È in questo piano che le piante stentano a crescere, ed ampi pascoli dalle dolci colline si alternano a ripide pareti rocciose e impervie cime ricche di fiori come sassifraghe, semprevivi, primule e androsace dalle radici incastonate nella roccia. Negli avvallamenti del terreno pascolato spesso si creano delle zone umide in cui dimorano eriofori, carici e bellissime orchidee alpine.

 

Fauna

Le abbondanti peccete presenti in Val Tartano ospitano numerosi animali tra cui timidi erbivori come il capriolo (Capreolus capreolus) o il cervo (Cervus elaphus), e indaffarati scoiattolo (Sciurus vulgaris) in cerca di cibo.

La buona salute dei boschi si nota dai numerosi formichieri della formica (Formica rufa) e dall’abbondante presenza di uccelli quali picchio nero (Dryocopus màrtius), picchio rosso maggiore (Dentrocopus major), cincia mora (Parus ater), cincia bigia (Parus montanus), cincia dal ciuffo (Parus cristatus), rampichino (Certhia brachydactyla), ciuffolotto (Phyrrula phyrryla), picchio muratore (Sitta europaea),tordo (Turdusiliacus), sparviero (Accipiter nisus), nocciolaia (Nucifraga cryocatactes), astore (Accipiter gentilis) e il crociere (Loxia curvirostra).

Più difficili da vedere sono invece il francolino di monte (Bonasa bonasia), il raro Gallo cedrone (Tetrao urogallus) ed a quote superiori il gallo forcello (Tetrao terix). Di notte ci si può imbattere nella Civetta nana (Glaucidium passerinum) o nella civetta capogrosso (Aegolius funereum). Altri abitanti dei boschi sono il toporagno alpino (Sorex alpinus), la martora (Martes martes), la volpe (Vulpes vulpes) e l’arvicola (Cletrionomys glareolus).

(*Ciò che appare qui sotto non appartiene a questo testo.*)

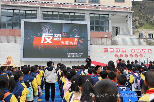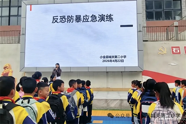 为切实提升校园应对突发恐怖袭击的应急处置能力,增强全体师生的安全防范意识,牢牢筑起校园安全屏障,2026年4月22日上午,小金县城关第二小学组织了一场紧张有序的校园反恐防暴应急演练。本次演练模拟了“恐怖分子”企图强行闯入校园的突发情景,全面检验了学校应急预案的科学性以及各部门的协同作战能力。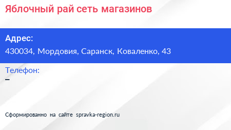 Яблочный рай, сеть магазинов по адресу 430034, Мордовия, Саранск, Коваленко, 43 в дальнейшем Организация, размещена в следующих категориях:

Il gallo cedrone è il simbolo del Parco delle Orobie A quote superiori, dove il bosco finisce ed i pascoli si alternano a rocce e cime, troviamo animali abituati al freddo intenso degli inverni in quota. Gli animali specializzati per affrontare “deserti” di neve sono diversi, ed utilizzano svariate tecniche: alcuni cambiano la livrea estiva come l’ ermellino (Mustela erminea), la lepre bianca (Lepus timidus), e la pernice bianca (Lagopus mutus). Altri vanno in letargo come la marmotta (Marmota marmota), altri invece cambiano abitudini e luoghi aspettando primavera come il fringuello alpino (Montifrigilla nivalis), culbianco (Oenanthe oenanthe), codirosso spazzacamino (Pheonicurus ochruru), spioncello (Anthus spinoletta), sordone (Prunella collaris), picchio muraiolo (Trichodroma muraria) e gracchio alpino (Phyrrocorax graculus).

In estate, sulle cime, talvolta si può incontrare il pacifico stambecco (Capra ibex), mentre è molto frequente imbattersi in branchi di camosci (Rupicapra rupicapra), e non è così difficile ammirare il volo maestoso dell’aquila reale (Aquila chrisaetos).

I rettili presenti in Valtartano sono il marasso (Vipera berus), la vipera comune (Vipera aspis) e la lucertola vivipara (Lacerta vivipara).

Tra gli anfibi possiamo citare la rana temporaria (Rana temporaria), il tritone alpino (Triturus alpestris) e la timorosa salamandra nera (Salamandra atra).

Il torrente è popolato dalla trota alpina (Salmo trutta) e sulle rive è molto facile osservare il merlo acquaiolo (Cinclus cinclus).